CS Ionic Cluster Downtime, Thursday, October 19, 2023, 7:30-9:30

Date: Thursday, October 19, 2023 (7:30-9:30)

Who is affected:
All users of the CS Department Beowulf high performance computing cluster,
known as ionic.

What is happening:
CS Staff will upgrade the cluster management and job scheduling system
Slurm and its database. No reboot will be necessary; thus, we expect to
finish the upgrade earlier than this window. However, the wide time frame
acknowledges the uncertainties involved.

Why is it happening:
The upgrade is necessary to patch against an urgent security bug.

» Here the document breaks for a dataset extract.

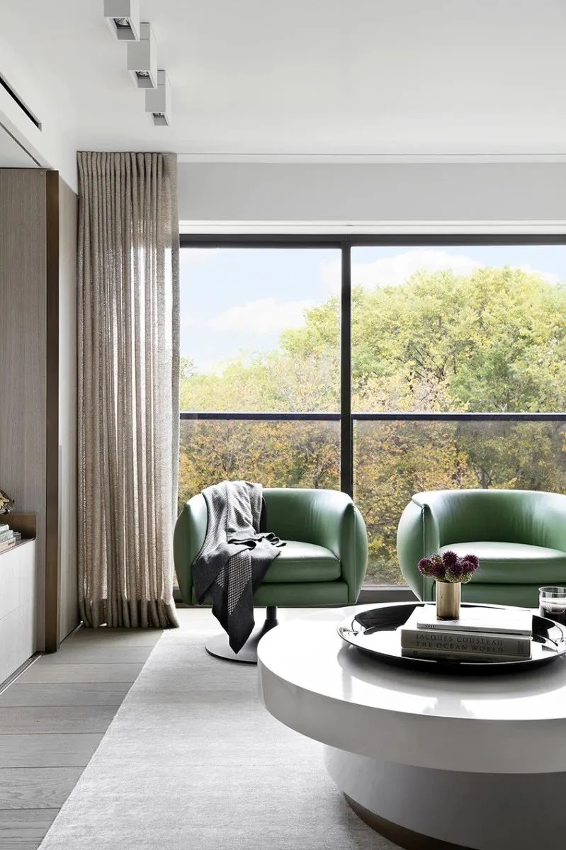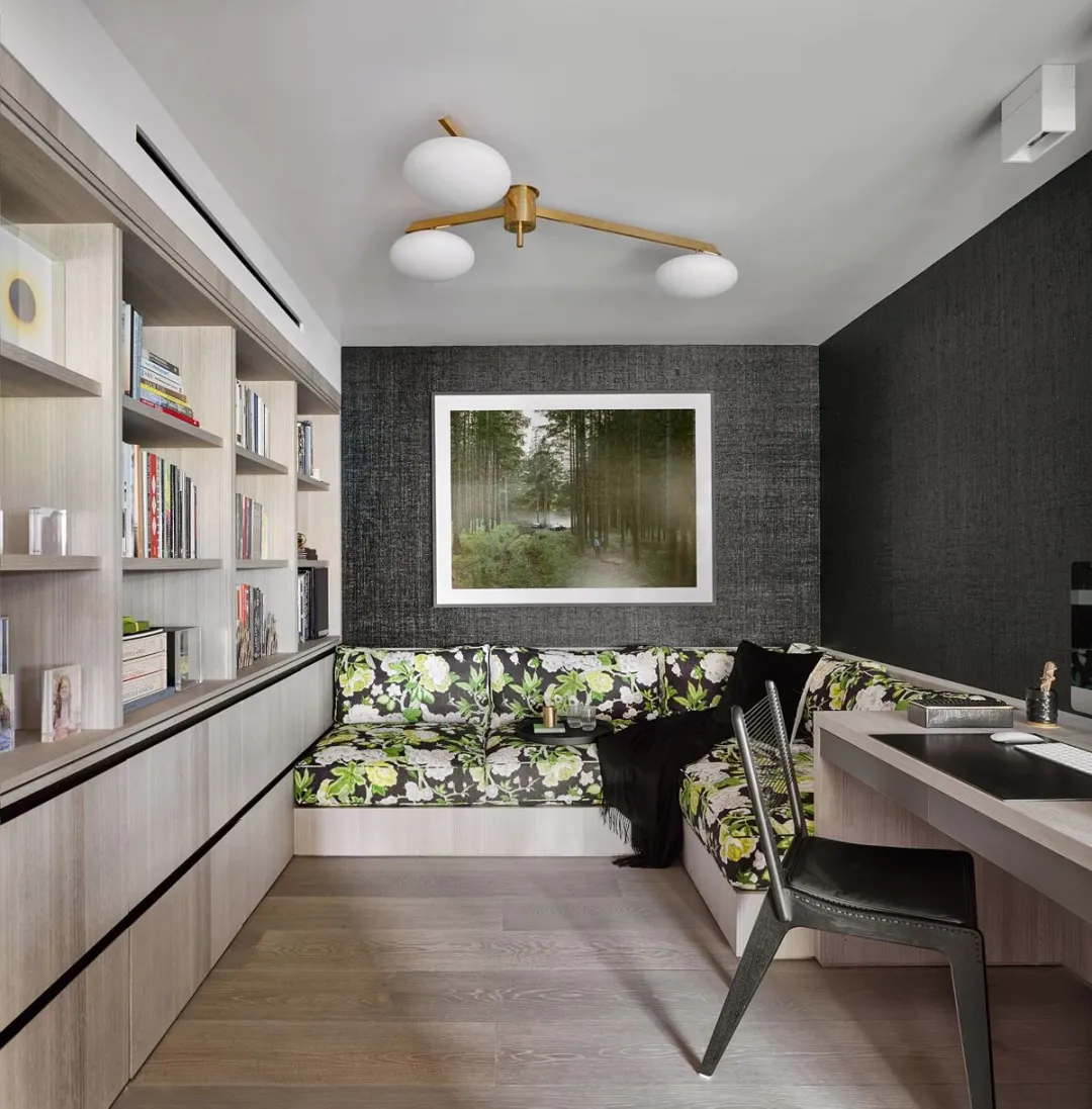 二层作为专属休憩区域,氛围更加静谧松弛。卧室坐拥绝佳观景视野,窗外成片绿植四季常青,晨起推窗即可拥抱自然绿意,治愈日常琐碎。搭配造型别致的艺术吊灯,细腻点缀空间,简单却极具设计感,让休憩空间温柔又精致。毗邻的书房主打自然森系基调,大面积森林主题墙画搭配一体式绿色L型沙发,将山野绿意搬进室内,在繁华的城市公寓里,打造出一方静谧治愈、适合阅读与办公的独处天地。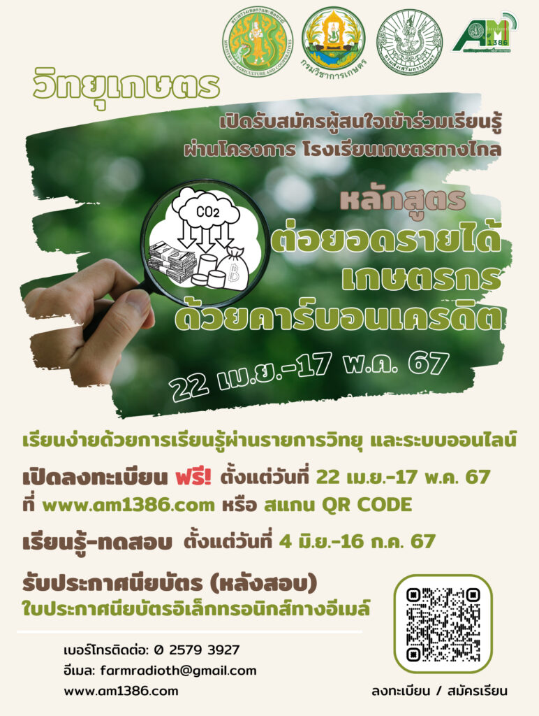 กรมส่งเสริมการเกษตร จัดกิจกรรมโรงเรียนเกษตรทางไกล หลักสูตร “ต่อยอดรายได้เกษตรกรด้วยคาร์บอนเครดิต” สมัครเรียนได้ตั้งแต่วันนี้ – 17 พฤษภาคม 2567

We will post updates to the status page: www.csstaff.org
as necessary.

If this downtime will cause you undue hardship, please contact
csstaff@cs.princeton.edu immediately, so we can discuss options to reduce
any negative impact. Your patience is appreciated.

Sincerely,
CS Staff

CS Ionic Cluster Downtime, Thursday, October 19, 2023, 7:30-9:30 Read More »

CS Storage System Downtime, Tuesday, August 29, 2023, 07:30-10:30

Date: Tuesday, August 29, 2023 (07:30-10:30)

Who is affected:
All users of CS Department storage systems, including project spaces, home
directories, and web spaces.

What is happening:
The central file storage cluster will be rebooted a few times during this
window in order to facilitate physical upgrades. During the reboots, file
services will be interrupted, but will resume after the cluster finishes
its boot. This will affect access to the cycles login hosts, CS Department
web services, and CS Department SMB/CIFS services. Email services should
not be affected.

Actual outage time is not expected to encompass the full 3 hour window, but
may occur sporadically during this period.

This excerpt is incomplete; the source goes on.